Mukesh Ambani, chairman of Reliance Industries group, today said that his company is working on creating a pan-India e-commerce platform that will help small, offline shops compete with players like Amazon and Flipkart.
The platform will work by making the inventory of small shops available for purchase online using a sophisticated web and app interface comparable to those offered by online retail giants.
At present, small, local shops often have zero online presence.
Even those that have their own websites lack the sophisticated software tools to list their items, manage and track orders, update stock data and support online payments.
Reliance Industries, which owns telecom operator Jio, is expected to provide all this in an easy-to-use package to help anyone with a phone to order anything online from shops in his vicinity.
If successful, the move could reduce fulfillment time for typical online purchases from days to hours, while helping offline stores remain relevant in the online shopping era.
“Reliance is working on creating the world’s largest online-to-offline New Commerce Platform,” Ambani revealed at the Make in Odisha Conclave 2018 today.
He promised to transform the lives and businesses of 3 crore merchants in the country.
“We will enable them to do everything that large enterprises and large ecommerce players are able to do,” he added.

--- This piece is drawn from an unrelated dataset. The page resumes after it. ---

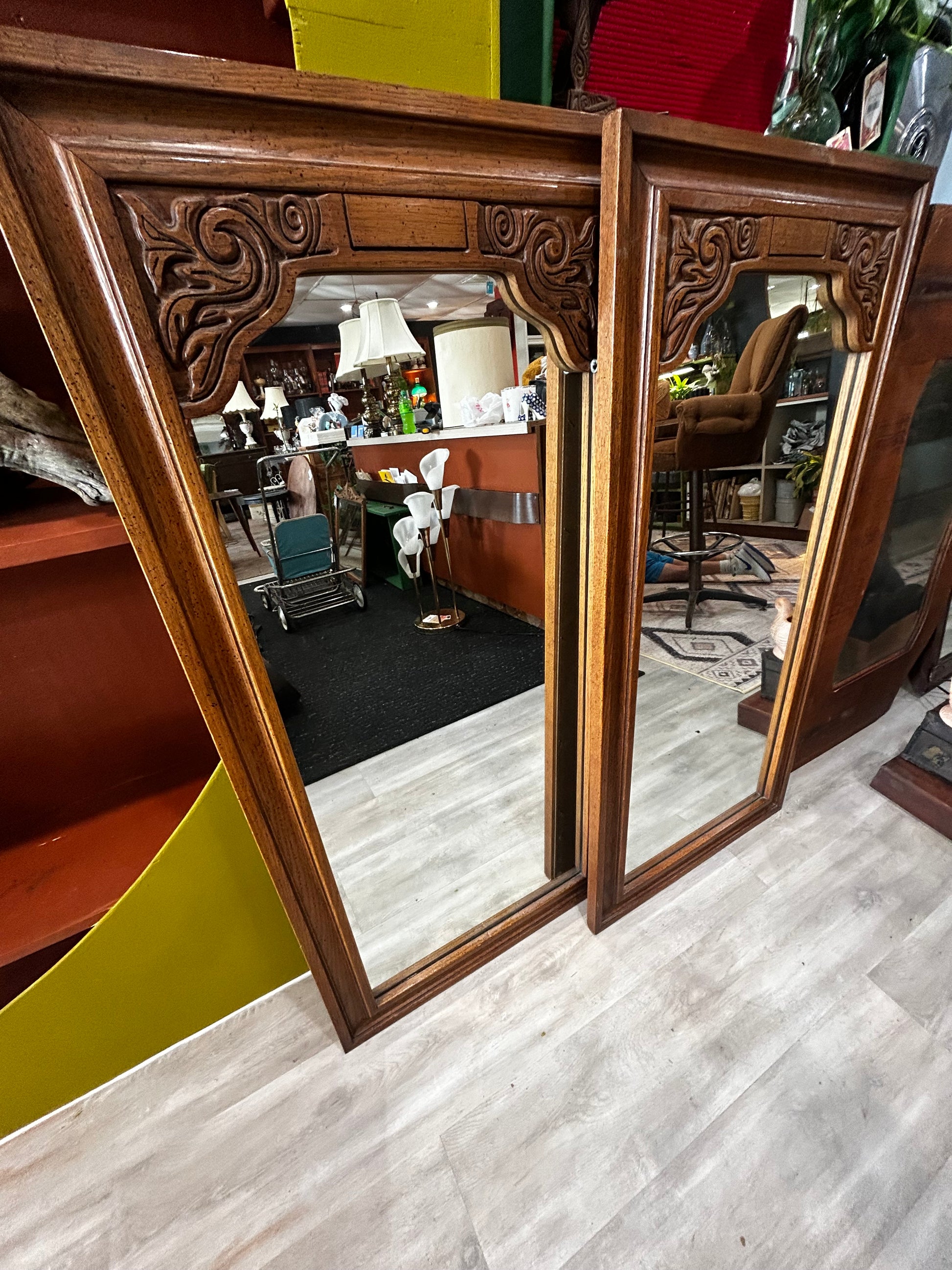 Vintage MCM Wooden Intricate Design Wall Mirror

The idea of e-enabling local shops is not new. Apps like Zopper and Purplista have tried to connect the shopper with local vendors, with mixed success.
The primary impediment to the strategy has been two-fold: keeping inventory data up-to-date and delivery.

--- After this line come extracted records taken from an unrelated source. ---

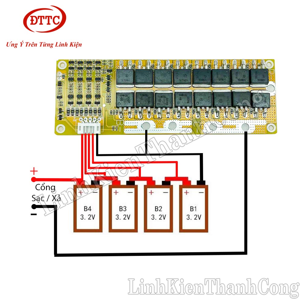 Mạch Bảo Vệ Cho Pin Sắt LiFePO4 (3.2V) BMS 4S 100A (Tiger) - Hệ 4 Cell Nối Tiếp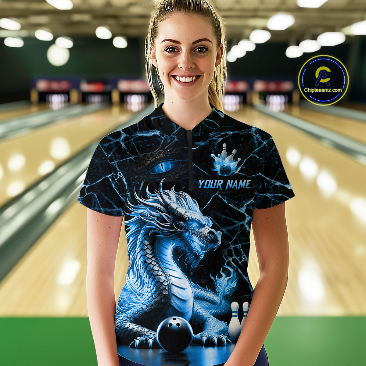 Ice Dragon Bowling Shirt Custom Bowling Team League Quarter-Zip Bowling Jersey Bowlers Gift QZT692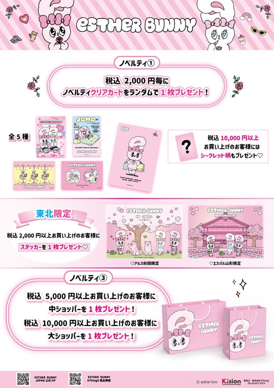 さまざまなキャラクターグッズを企画・販売している株式会社KThingS(東京都中央区)は、東北4県にて『エスターバニーPOP UP STORE』を開催いたします。

All the apps require the local shopkeeper to ensure that items that are out of stock are shown as such, so as to avoid disappointing shoppers.

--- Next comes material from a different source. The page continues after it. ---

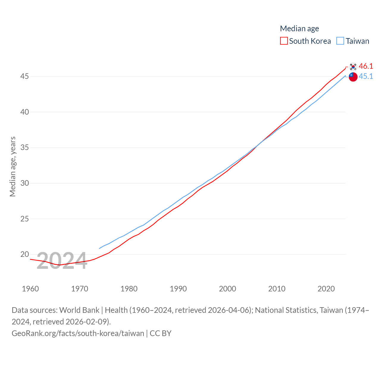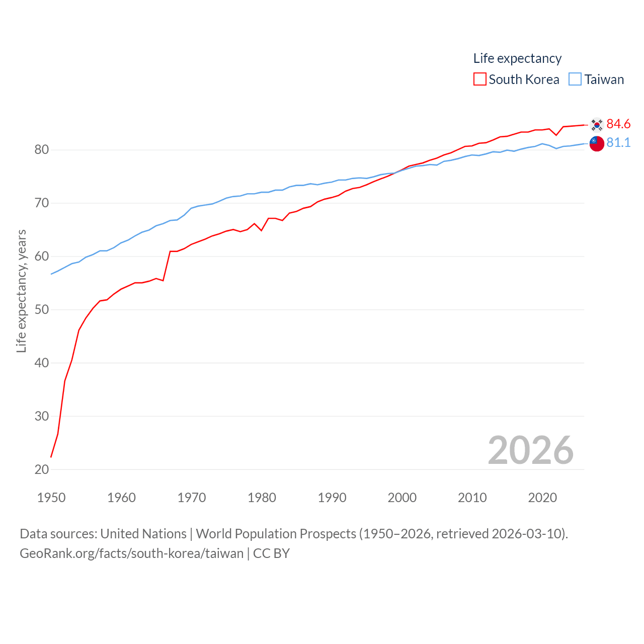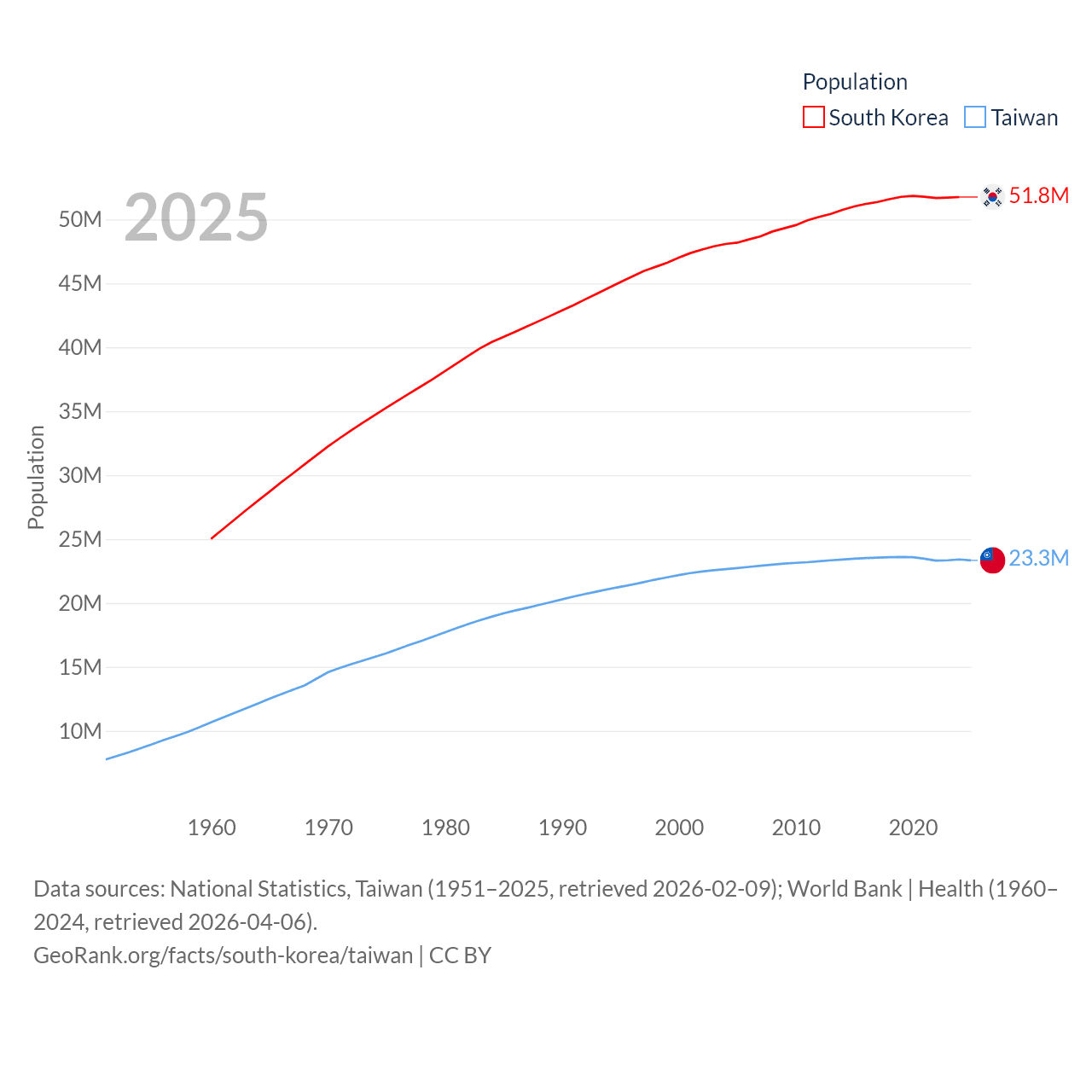 South Korea has a population of 51.8M (ranked 29/197), compared with 23.3M in Taiwan (ranked 60/197). South Korea's land area is 37,684 sq mi versus 13,976 sq mi for Taiwan (ranked 105th vs. 133rd).

This requires the shopkeepers to enter inventory information — such as the number of size XL baby diapers they have — into a software so that it can be read by the e-commerce platform.
This also means that these numbers have to be updated after every sale — offline or online. While it is possible to automate the process for online transactions, accounting for offline transactions requires constant and, often expensive, manual intervention.
The second challenge has been delivery.
While online platforms like Amazon and Flipkart have their own departments and subsidiaries to take care of delivery, many of the local-shopping apps do not offer any kind of logistical support, putting the onus for delivery entirely on the individual shopkeeper.
While this is not a challenge for certain types of shops like restaurants, it may pose difficulties for others categories like garment outlets.
It is not clear whether Reliance, which owns India’s widest chain of retail shops, intends to help with the logistics part as well. As of September, the company had 9,146 retail outlets across more than 5,800 towns and cities in the country.